Avoid areas by type?

Hey, i am starting to play around with the graphhopper api (http://148.251.46.152:8989/maps/)
is there any way to avoid areas by type? So for example avoid landuse:residential?

thanks in advance!!

Cheers

I came up with this here, but it seems that this is a wrong idea… …at least i get the error: “Error response: cannot process input”

areas:
  stadt:
    features: 
      properties: {
        landuse: forest}

priority:
  area_stadt: {1}

So is there an other way?

This is not yet possible. But it is an interesting idea. Also it would be probably nice to avoid server-side predefined areas by name, so that not all requests have to include the lengthy GeoJSON for every request.

Ahhh :wink: then it makes sense why this would not work^^
Would it make any sense to create a github request? or what would be the way?

I used road names to block. I am actually a very novice learner and hope that it was right way to do. Anyway…I extended CarFlagEncoder and added 2 lines of code:

if (way.hasTag(“name”, “RoadName”)
return EncodingManager.Access.CAN_SKIP;

Yes, sure.

I used road names to block.

This is not the best way as it will be slower than with other approaches like marking the roads in a preprocessing step with a certain boolean value.

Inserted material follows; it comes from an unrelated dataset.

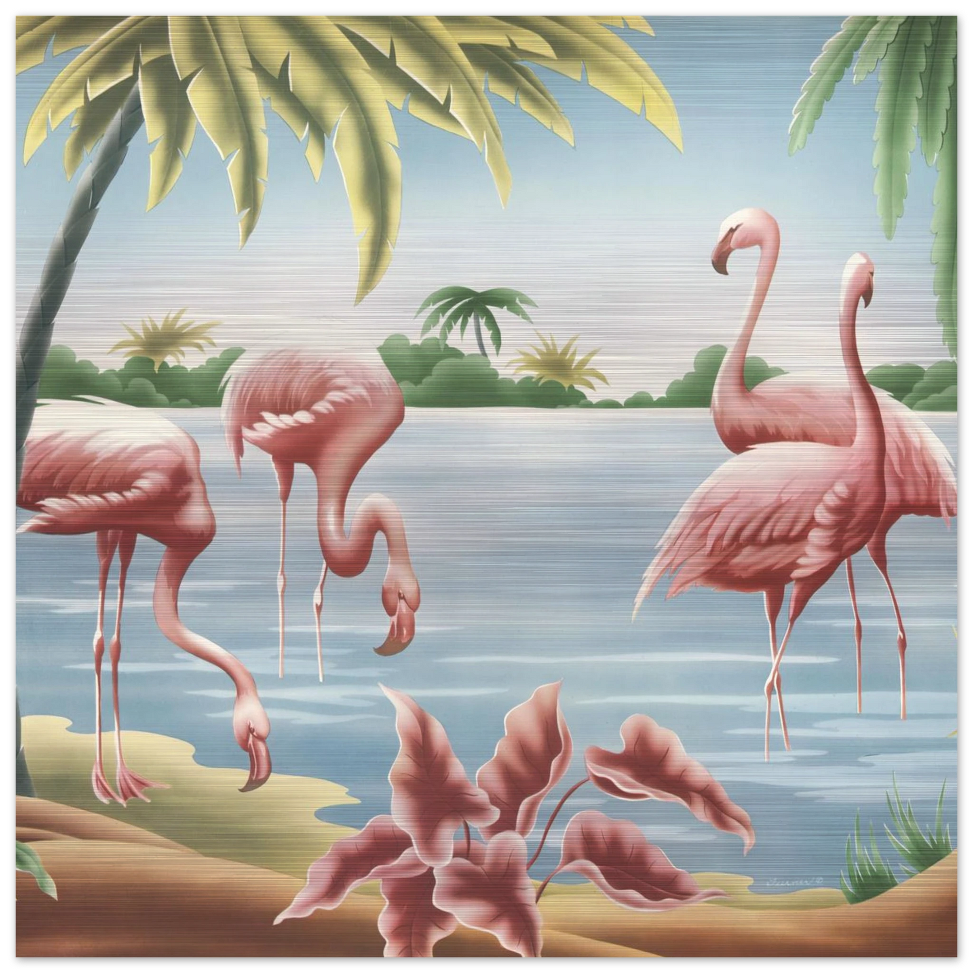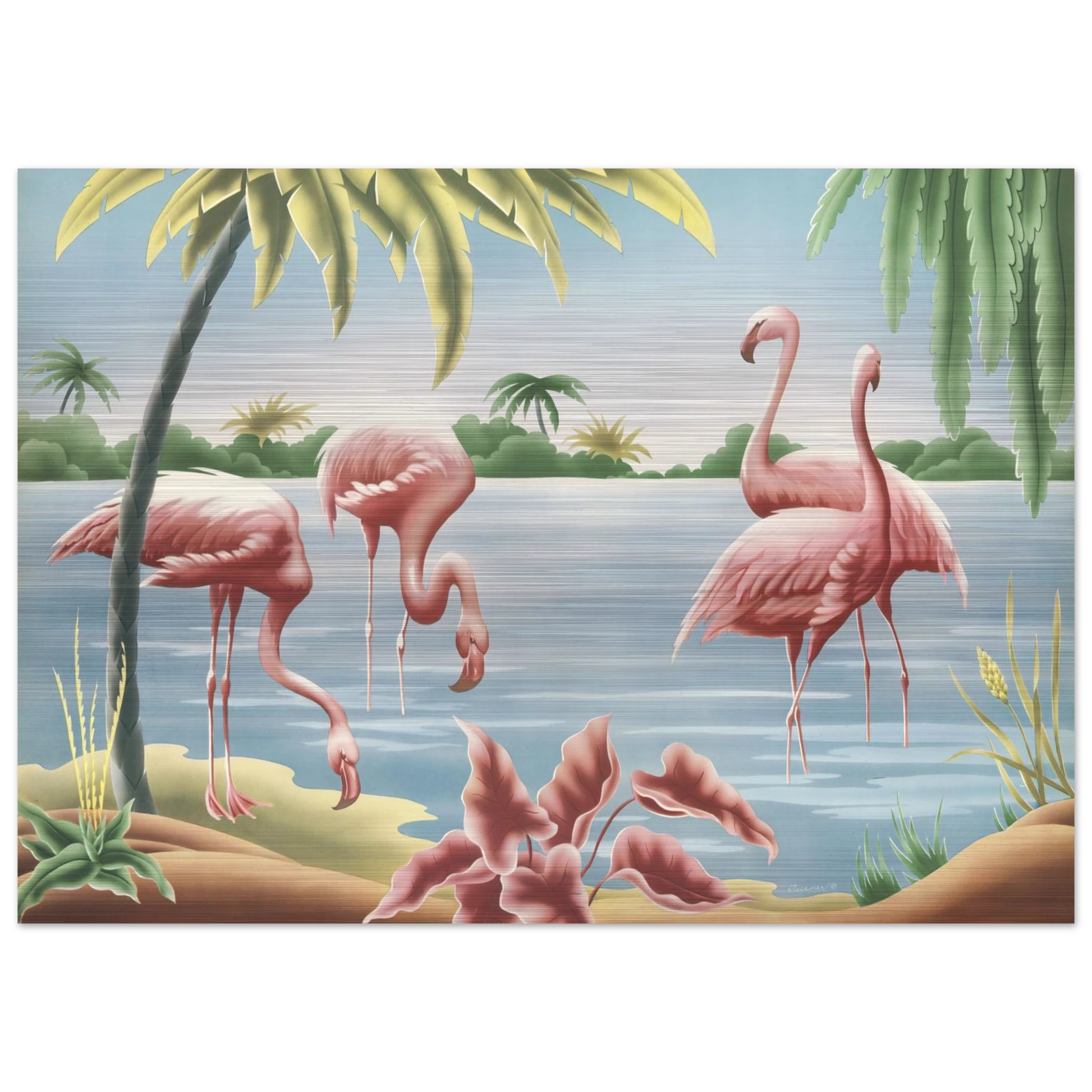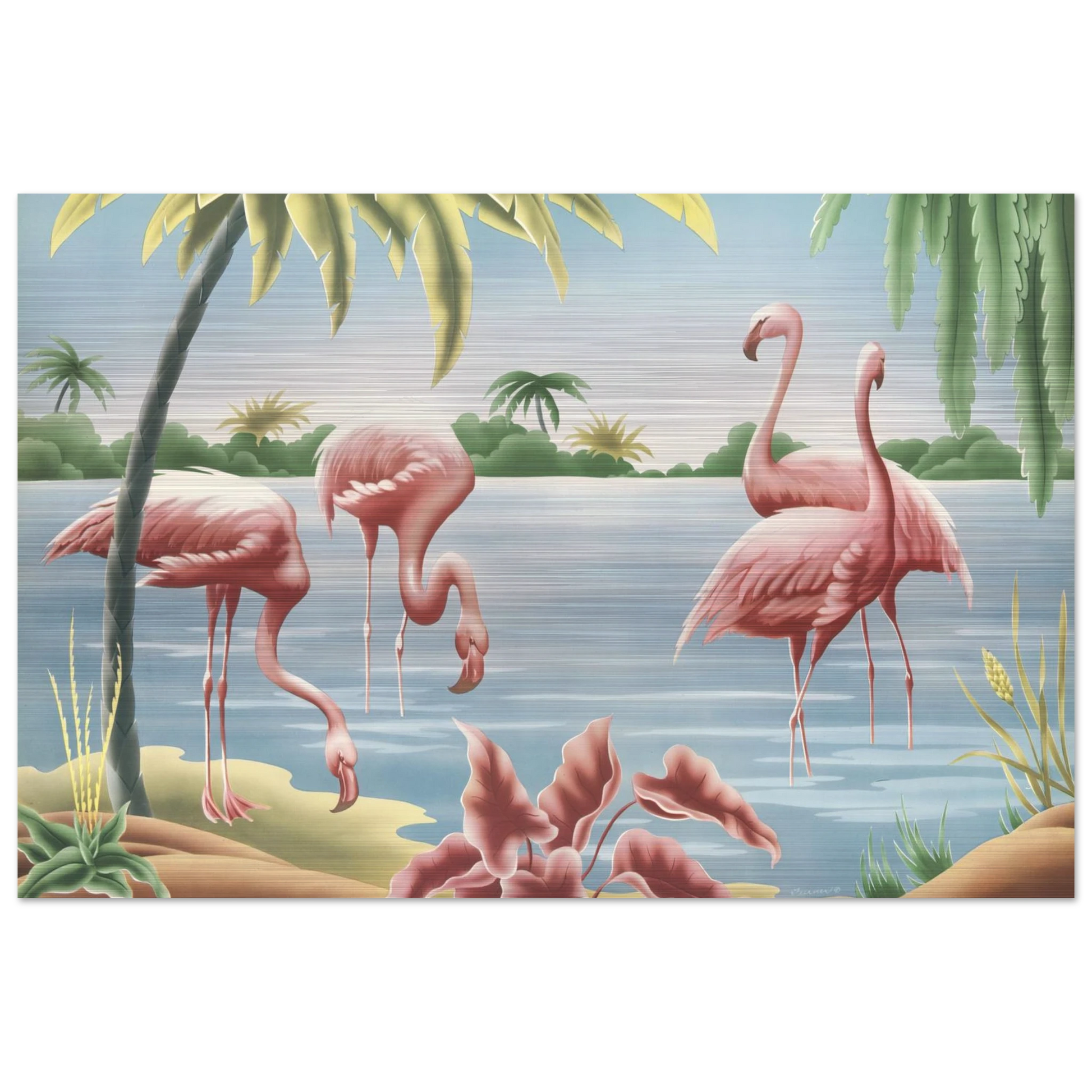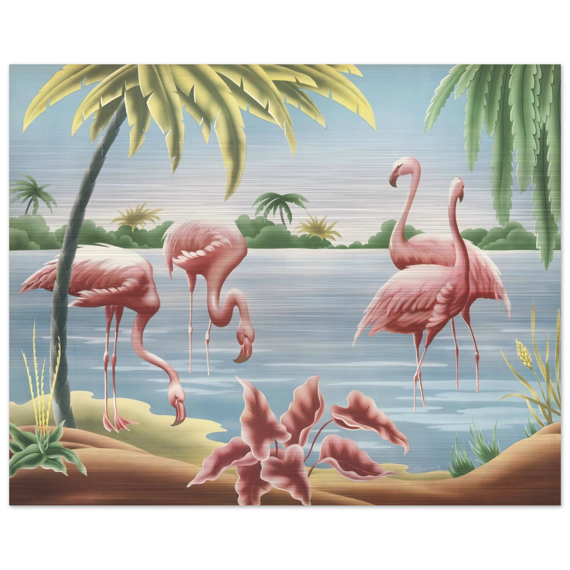 Bring museum-quality vintage art into your modern space with this brushed aluminum reproduction of A.T. Toran Turner's iconic flamingo lithograph. Originally created in the mid-20th century, this striking tropical bird print captures the elegance and vibrant detail that made Turner's work a staple of American decorative art—now reimagined on industrial metallic substrate.

Hey, thanks for that super fast reply!
i tried to do that here… sorry in advance if that was the wrong section…

Cheers!

This is not the best way as it will be slower than with other approaches like marking the roads in a preprocessing step with a certain boolean value.

Would you mind to give me an example? I mean where to add that information?

The problem is that this is a relation and we currently have only special support for turn relations (see OSMTurnRelationParser). So there are two separate changes required:

  1. parsing areas and storing them somewhere and somehow and
  2. e.g. in a postprocessing step use this information to mark every edge with landusage=forest.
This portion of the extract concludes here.